> WORK TO COMPLETE
The response should repeat word for word every line below from the one with "This is a meticulously" to the one with "- 2. A slot", inclusive, and nothing else; leave pictures out.

> SUPPLIED DATA
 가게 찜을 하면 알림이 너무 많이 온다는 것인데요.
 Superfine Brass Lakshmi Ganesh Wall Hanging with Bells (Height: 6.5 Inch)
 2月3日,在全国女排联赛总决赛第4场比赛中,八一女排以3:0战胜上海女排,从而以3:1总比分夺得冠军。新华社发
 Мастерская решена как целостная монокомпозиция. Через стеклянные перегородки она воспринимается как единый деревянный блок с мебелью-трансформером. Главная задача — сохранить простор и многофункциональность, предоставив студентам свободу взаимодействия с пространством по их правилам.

---

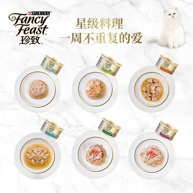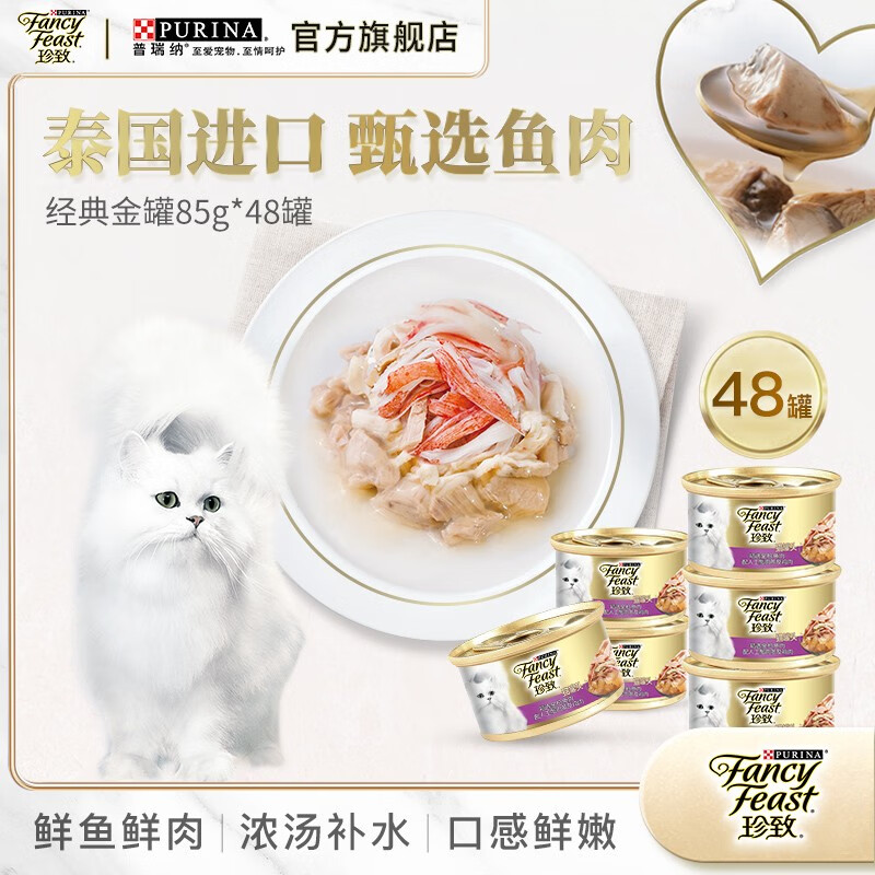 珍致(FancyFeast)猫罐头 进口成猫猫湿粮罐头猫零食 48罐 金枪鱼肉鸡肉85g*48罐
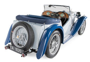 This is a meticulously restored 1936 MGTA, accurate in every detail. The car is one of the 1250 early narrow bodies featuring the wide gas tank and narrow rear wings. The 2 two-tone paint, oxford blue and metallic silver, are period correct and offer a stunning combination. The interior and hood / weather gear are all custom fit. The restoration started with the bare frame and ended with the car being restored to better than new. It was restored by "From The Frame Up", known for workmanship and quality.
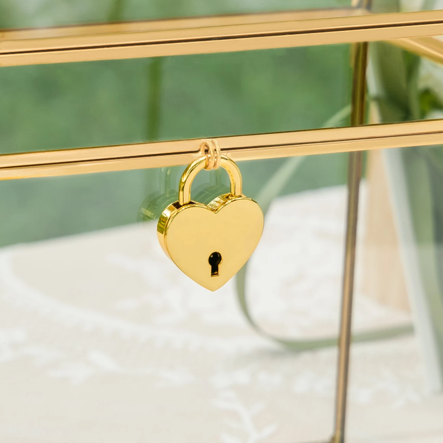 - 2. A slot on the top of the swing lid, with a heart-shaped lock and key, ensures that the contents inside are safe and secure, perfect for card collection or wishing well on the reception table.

> SOLUTION BELOW
 This is a meticulously restored 1936 MGTA, accurate in every detail. The car is one of the 1250 early narrow bodies featuring the wide gas tank and narrow rear wings. The 2 two-tone paint, oxford blue and metallic silver, are period correct and offer a stunning combination. The interior and hood / weather gear are all custom fit. The restoration started with the bare frame and ended with the car being restored to better than new. It was restored by "From The Frame Up", known for workmanship and quality.
 - 2. A slot on the top of the swing lid, with a heart-shaped lock and key, ensures that the contents inside are safe and secure, perfect for card collection or wishing well on the reception table.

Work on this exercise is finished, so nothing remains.